═════ Data records ═════

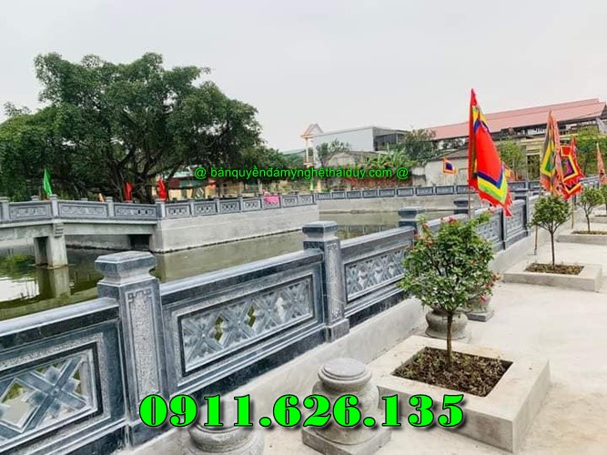 Hàng rào thường được làm từ đá xanh nguyên khối, chạm khắc hoa văn đơn giản hoặc tinh xảo tùy yêu cầu. Thiết kế có thể là lan can đá, tường kín hoặc kết hợp cột đá tạo sự chắc chắn và thẩm mỹ cao.
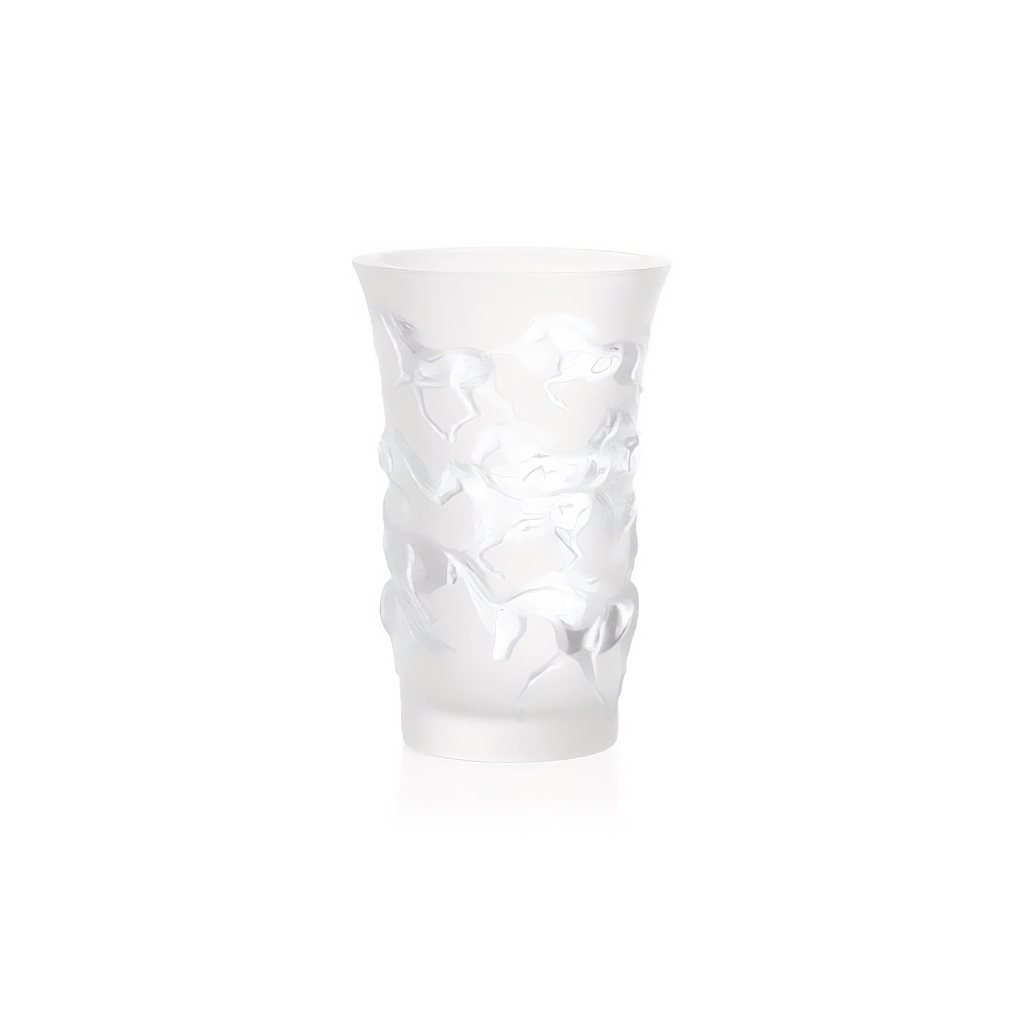 Vaso Mustang realizzato in cristallo. Affascinante e particolare, il vaso Mustang cattura l'energia e la libertà di una mandria di cavalli selvaggi in pieno galoppo. I dettagli accuratamente lavorati rivelano criniere fluenti e movimenti agili che incarnano lo spirito indomito dei cavalli, rendendo il vaso Mustang un simbolo potente della vera libertà. Realizzato da Lalique.
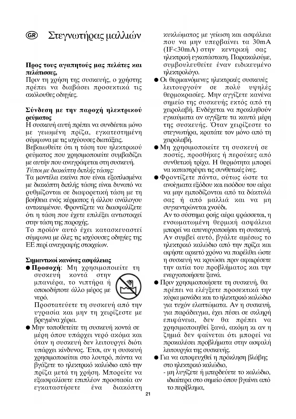 Προστατε"ετε τη συσκευ απ την υγρασα και μην τη χειρζεστε με βρεγμνα χρια. ● Μην τοποθετετε τη συσκευ κοντ σε μρη που υπρχει νερ ακμα και ταν η συσκευ δεν λειτουργε διτι υπρχει κνδυνος. +τσι, αν η συσκευ χρησιμοποιεται στο λουτρ, πντα να βγζετε το ηλεκτρικ καλδιο απ την πρζα μετ τη χρση. Μπορετε να εξασφαλσετε επιπλον προστασα αν εγκαταστσετε να διακπτη κυκλματος με γεωση και ασφλεια που να μην υπερβανει τα 30mA (IF<30mA) στην κεντρικ σας ηλεκτρικ εγκατσταση. Παρακαλο"με, συμβουλευθετε ναν ειδικευμνο ηλεκτρολγο. ● Οι θερμαινμενες ηλεκτρικς συσκευς λειτουργο"ν σε πολ" υψηλς θερμοκρασες. Μην αγγζετε καννα σημεο της συσκευς εκτς απ τη χειρολαβ. Ενδχεται να προκληθο"ν εγκα"ματα αν αγγξετε τα καυτ μρη της συσκευς. /ταν χειρζεστε το στεγνωτρα, κραττε τον μνο απ τη
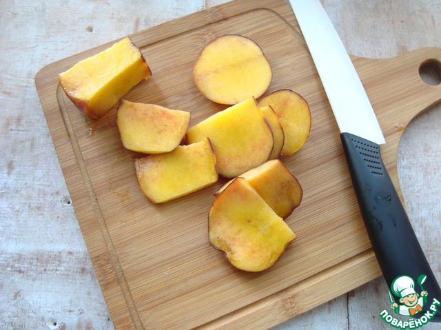 Персик режем произвольно кусками, чтобы они поместились в "кармашки".
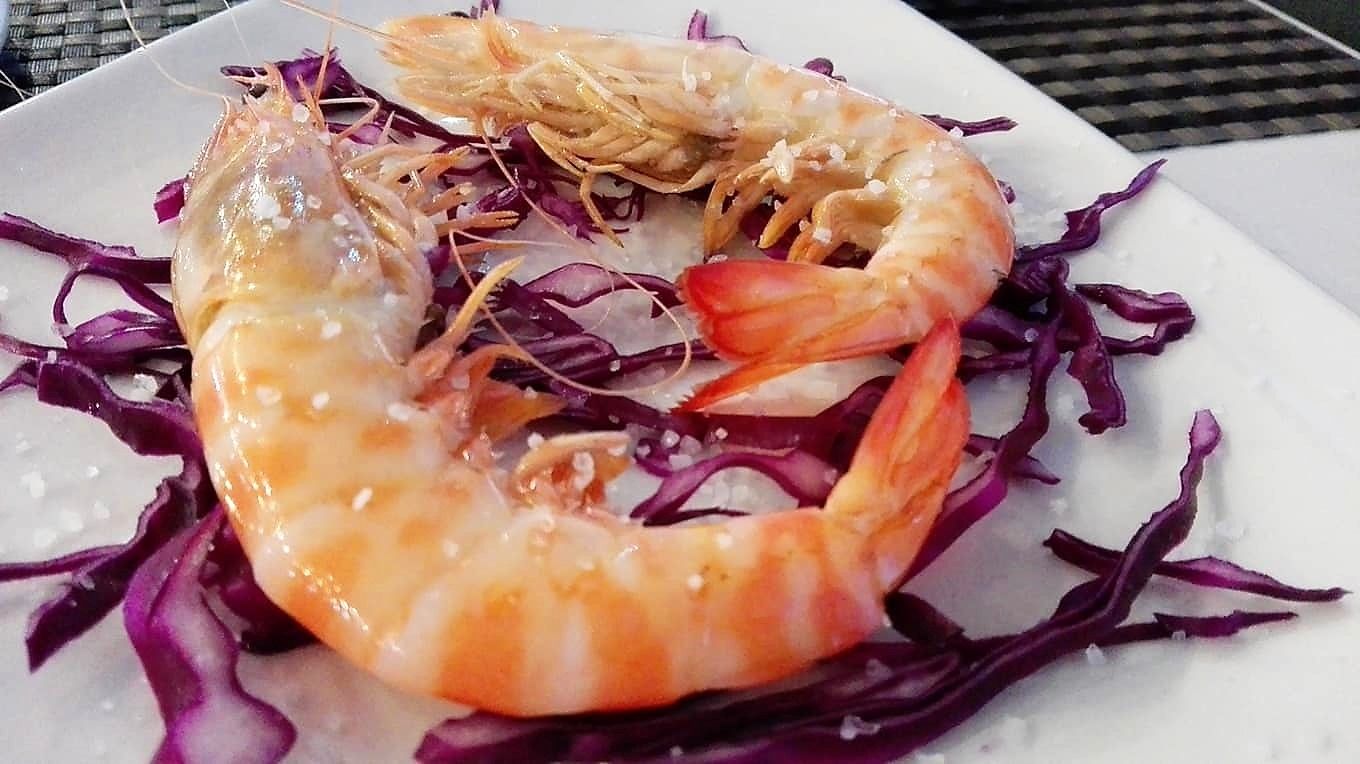 De entrante nos sirven unos saquitos de queso con miel de naranja que no logro ver en la carta. Están bien fritos y escurrido el aceite. Agradable el interior con el queso blanco, el crujiente y la combinación con el dulce de la miel. Un par de langostinos de considerable tamaño nos permite tomar contacto con el producto local. Están recién cocidos, frescos y con el punto de sal idóneo. Ligeros y sabrosísimos.

═════

- [What you should do]: From the first line to the last, copy the records above exactly and drop any pictures.

- [Completed exercise]:
 Hàng rào thường được làm từ đá xanh nguyên khối, chạm khắc hoa văn đơn giản hoặc tinh xảo tùy yêu cầu. Thiết kế có thể là lan can đá, tường kín hoặc kết hợp cột đá tạo sự chắc chắn và thẩm mỹ cao.
 Vaso Mustang realizzato in cristallo. Affascinante e particolare, il vaso Mustang cattura l'energia e la libertà di una mandria di cavalli selvaggi in pieno galoppo. I dettagli accuratamente lavorati rivelano criniere fluenti e movimenti agili che incarnano lo spirito indomito dei cavalli, rendendo il vaso Mustang un simbolo potente della vera libertà. Realizzato da Lalique.
 Προστατε"ετε τη συσκευ απ την υγρασα και μην τη χειρζεστε με βρεγμνα χρια. ● Μην τοποθετετε τη συσκευ κοντ σε μρη που υπρχει νερ ακμα και ταν η συσκευ δεν λειτουργε διτι υπρχει κνδυνος. +τσι, αν η συσκευ χρησιμοποιεται στο λουτρ, πντα να βγζετε το ηλεκτρικ καλδιο απ την πρζα μετ τη χρση. Μπορετε να εξασφαλσετε επιπλον προστασα αν εγκαταστσετε να διακπτη κυκλματος με γεωση και ασφλεια που να μην υπερβανει τα 30mA (IF<30mA) στην κεντρικ σας ηλεκτρικ εγκατσταση. Παρακαλο"με, συμβουλευθετε ναν ειδικευμνο ηλεκτρολγο. ● Οι θερμαινμενες ηλεκτρικς συσκευς λειτουργο"ν σε πολ" υψηλς θερμοκρασες. Μην αγγζετε καννα σημεο της συσκευς εκτς απ τη χειρολαβ. Ενδχεται να προκληθο"ν εγκα"ματα αν αγγξετε τα καυτ μρη της συσκευς. /ταν χειρζεστε το στεγνωτρα, κραττε τον μνο απ τη
 Персик режем произвольно кусками, чтобы они поместились в "кармашки".
 De entrante nos sirven unos saquitos de queso con miel de naranja que no logro ver en la carta. Están bien fritos y escurrido el aceite. Agradable el interior con el queso blanco, el crujiente y la combinación con el dulce de la miel. Un par de langostinos de considerable tamaño nos permite tomar contacto con el producto local. Están recién cocidos, frescos y con el punto de sal idóneo. Ligeros y sabrosísimos.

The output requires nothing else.